Study finds doctors differ on government monitoring of opioids

Physicians who work in emergency rooms generally are more supportive of prescription monitoring programs than doctors in other specialties, a new Georgia State University study reports.

The study, led by Eric Wright, a GSU professor of sociology and public health, comes at a time where opioid addiction has spread in Georgia and other states.

Wright

States have installed prescription drug monitoring programs to reduce the abuse of opioid medications and other controlled substances and to halt “doctor shopping” by patients, where they obtain drugs, often narcotic painkillers, from multiple physicians.

PDMPs collect, monitor and analyze electronically transmitted prescribing and dispensing data submitted by pharmacies and medical providers.

The GSU study concluded that doctors who have “higher levels of professional status,” who are older, and who prescribe more opioids are more likely to have concerns about such government intervention in the practice of medicine.

Besides ER physicians, other doctors who perceive higher rates of medication misuse in their patient rolls also are more supportive of monitoring, the researchers found.

Wright’s study was derived from a survey of Indiana physicians in late 2013, in response to that state’s monitoring program. More than 2,400 physicians completed the survey. Wright worked in Indiana at the time of the survey.

States launched PDMPs to better understand the growing prescription drug epidemic, to identify patients who may be abusing drugs, and to monitor inappropriate prescription practices.

Much focus from lawmakers and the public recently has centered on opioids, such as prescription painkillers, heroin and fentanyl, along with synthetic variations.

Every day, 91 Americans die from opioid overdoses. That adds up to more than 33,000 people in 2015, or four times as many such overdose deaths as in 1999.

That same year, 88 percent of drug overdose deaths in Georgia were due to opioids. The CDC’s most recent count shows that 1,302 Georgia residents died due to overdose in 2015.

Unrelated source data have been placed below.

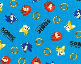 Blue Face Toss Sonic The Hedgehog Robert Kaufman Cotton 1 2
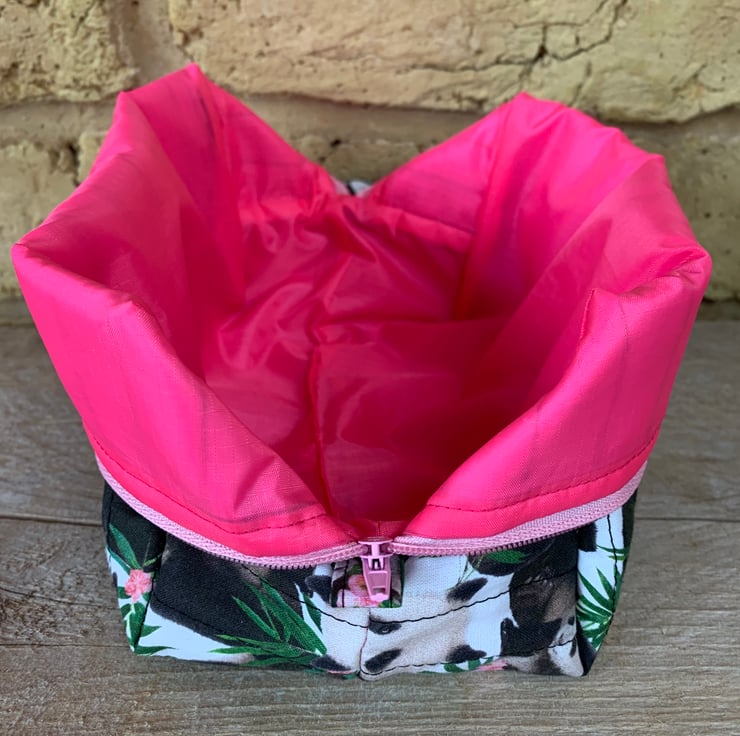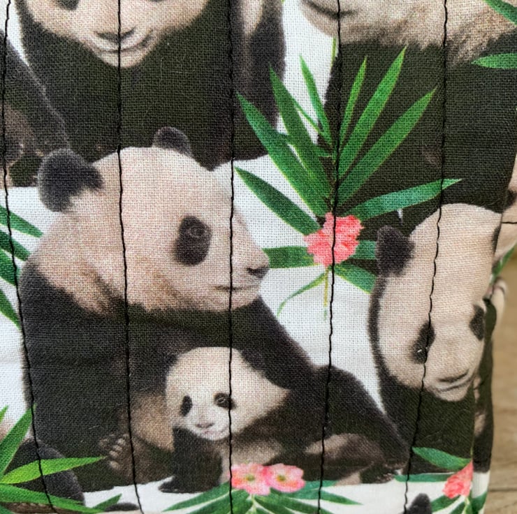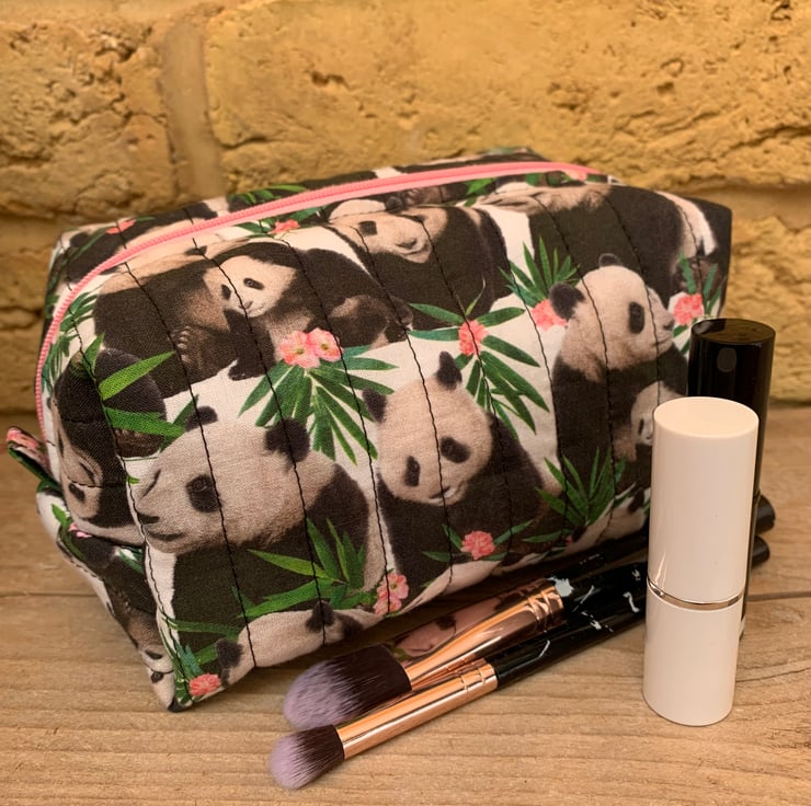 The Box Shape Makeup Bag is made in this lovely Panda cotton print.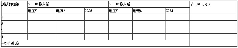 安裝后在同等狀況、同一測試點(diǎn),用測試儀測量電流、功率因素,也可由節(jié)電器側(cè)面的(節(jié)電――旁路)選擇開關(guān)進(jìn)行節(jié)電測試對比。測試表如下: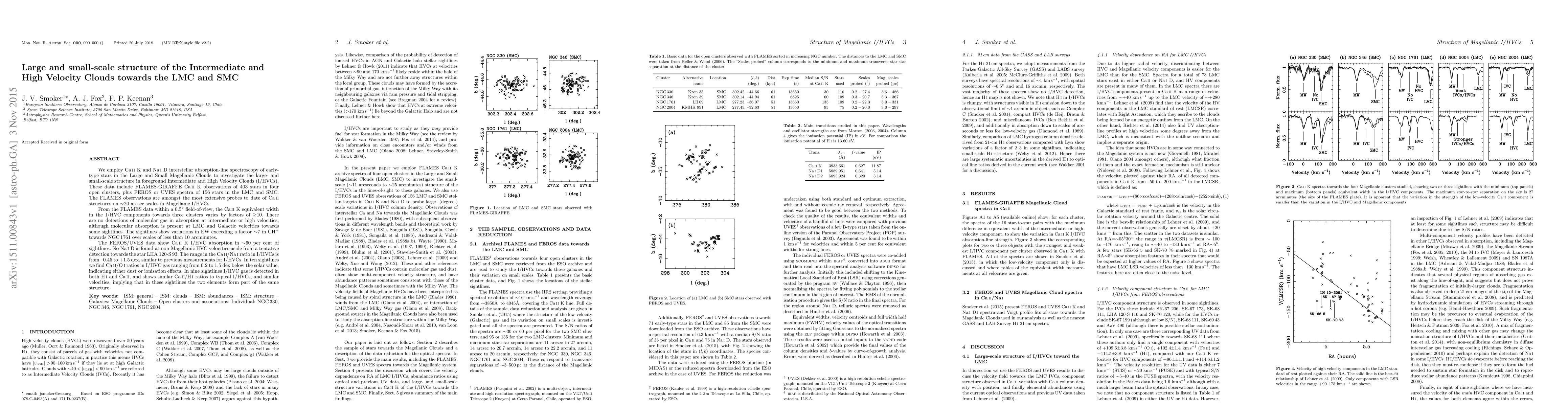 Researchers used spectroscopy to study large-scale structure in clouds near the Large and Small Magellanic Clouds, finding variations of up to 10 times in absorption line strengths and no molecular gas at high velocities.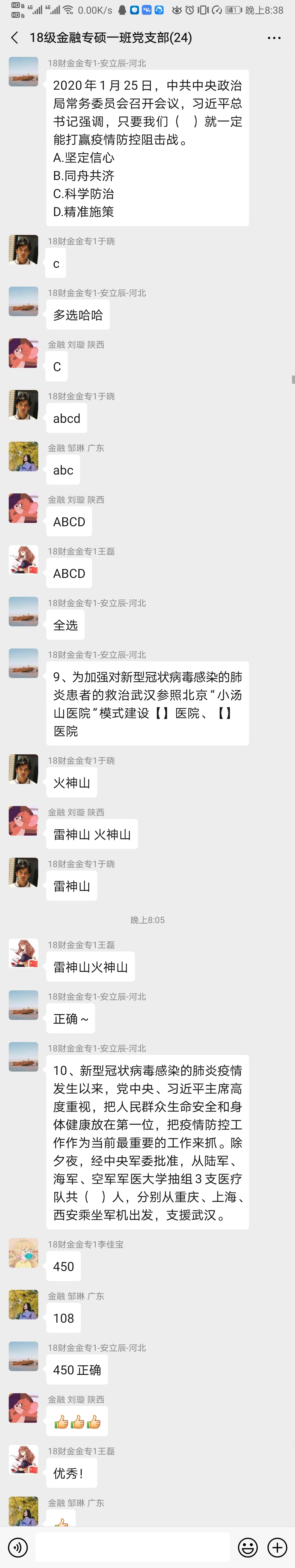 线上主题党日|2018级金融专硕一班党支部开展知识竞赛,坚定“战役”决心信心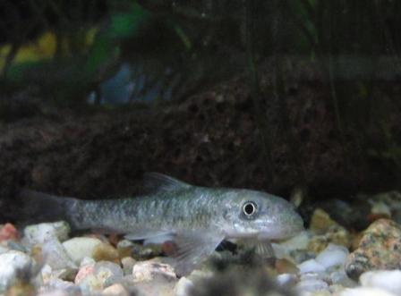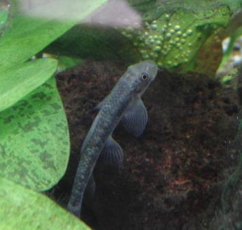Er hat ein Becken, in dem er die Amanos, Otos und Siamesischen Rüsselbarben hat...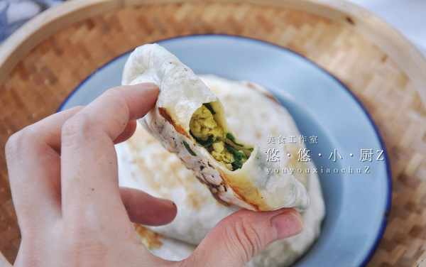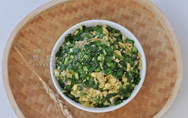 ——注意:如果你的胃不好,但又想吃韭菜,可以把韭菜切碎,放在煎鸡蛋的锅里,把韭菜炒熟,这样做出来的馅饼再吃,不会烧心反胃。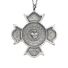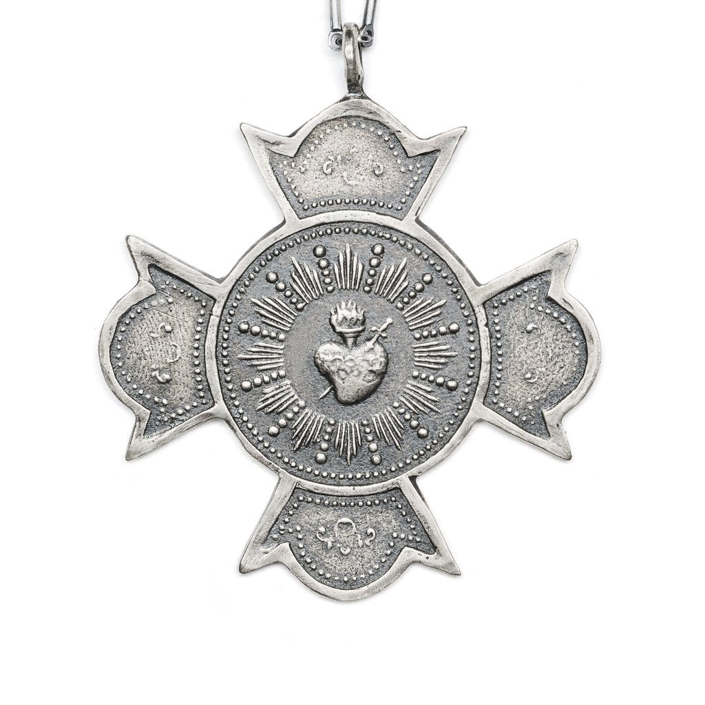 An antique pendant, evoking the Maltese cross long associated with Firefighters, features at its center, the immaculate heart of Mary, belted with roses faded with time and set aflame with fierce love, a dagger is thrust through the side of the heart. Representing the pain of sorrow, I often wonder how much the sea of our hearts is given over the grief, especially these days. While I experienced the Catholic church as a child in small ways through a grandmother I saw only occasionally, the beauty and strangeness of its rituals and art have remained with me throughout the years, especially the worship and devotion to the sacred, disembodied hearts of its son and mother deities. This pendant has particular sentimental significance to me as my much beloved stepfather was a NYC firefighter for over 30 years. Wear as a talisman for fighting fires of all kinds, or as a balm for grief. As a dagger against the dark days.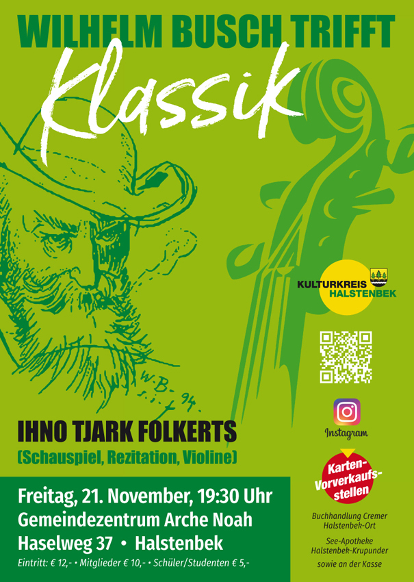 Ein heiterer Abend mit dem Geiger, Schauspieler und Rezitator Ihno Tjark Folkerts. I. T. Folkerts präsentiert uns Wilhelm Busch nicht nur als Verfasser weltberühmter Bildergeschichten, sondern auch als Maler, Zeichner und Philosophen. Musikalisch begleitet I. T. Folkerts diesen Abend mit Musik von Bach bis Saint-Saens. Eine wunderbare Verbindung von Schauspiel, Lesung und Musik – doppelter Genuß!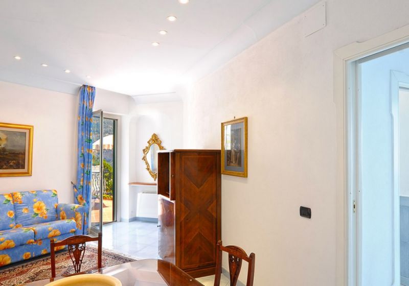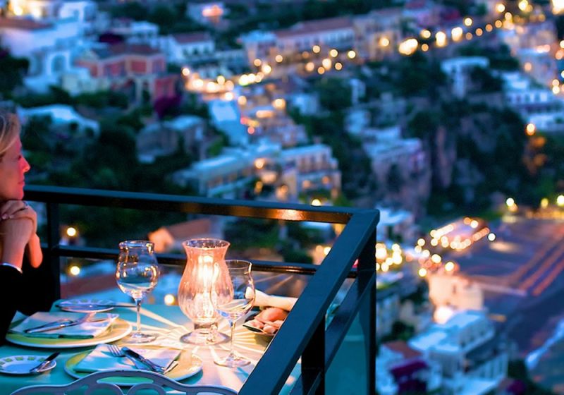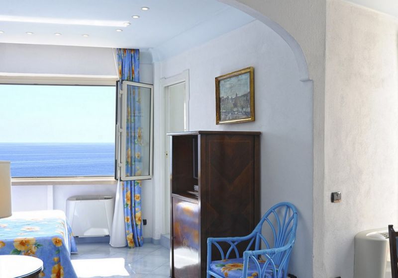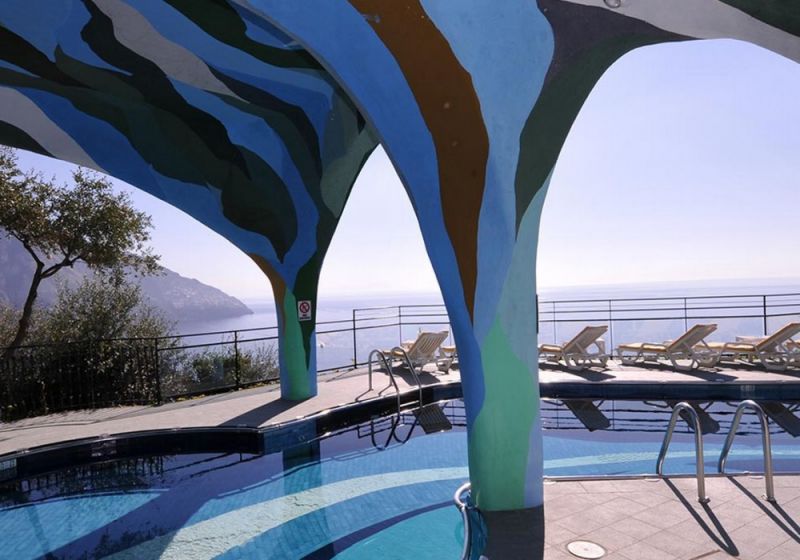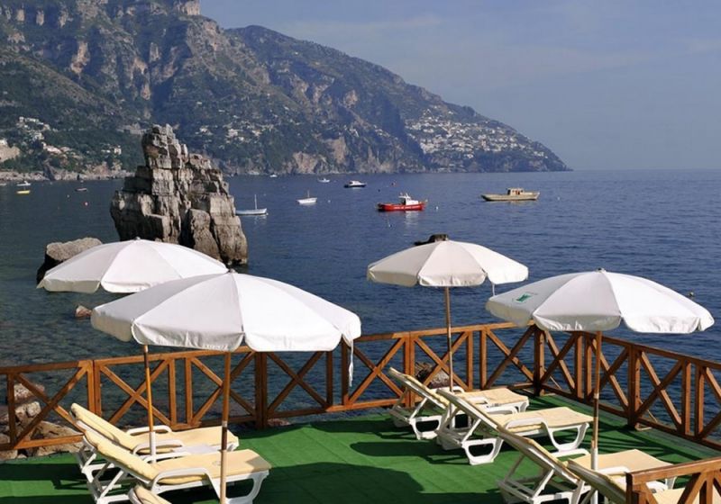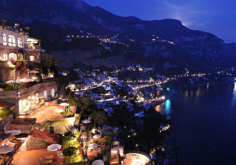 В 60 км от аэропорта Неаполя, в 700 м от центра курорта Позитано, в панорамном месте, на скале у моря.

ER doctors “are the one most affected by the epidemic,’’ Wright told GHN this week.

“Physicians, depending on their position, have different attitudes.”

The GSU study found that across specialties, most doctors who responded to the survey indicated support for law enforcement access to prescription databases. But they felt such access should require a warrant or other court order designed to support the investigation of a specific case, rather than blanket access to prescription data, the researchers said.

Meanwhile, doctors face a dilemma in how to prescribe medications in managing a patient’s pain. An estimated 100 million adults in the United States suffer with chronic pain, the study said.

Wright said physicians “are trying to deal with pressure from society on dealing with pain. A lot of physicians I’ve talked to say they have difficulty sorting out when opioids are necessary.”

The findings are published in the paper in the journal Socius: Sociological Research for a Dynamic World.

Georgia’s General Assembly earlier this year passed legislation that shifts administration of the state’s PDMP from the Georgia Drugs and Narcotics Agency to the Georgia Department of Public Health and imposes new requirements on prescribers.

The Medical Association of Georgia’s president, Dr. Steven M. Walsh, said in a statement about the GSU study that his organization “believes that physician attitudes surrounding the state’s prescription drug monitoring program will become more uniform across specialties as the system becomes more seamless and reliable.”

MAG consequently believes that the General Assembly should allocate more resources to the state’s PDMP, Walsh said.

Other authors of the study are Neal A. Carnes, a sociology student at Georgia State, Wyndy Greene Smelser, principal at WGS Consulting, and Ben Lennox Kail, an assistant professor of sociology at Georgia State.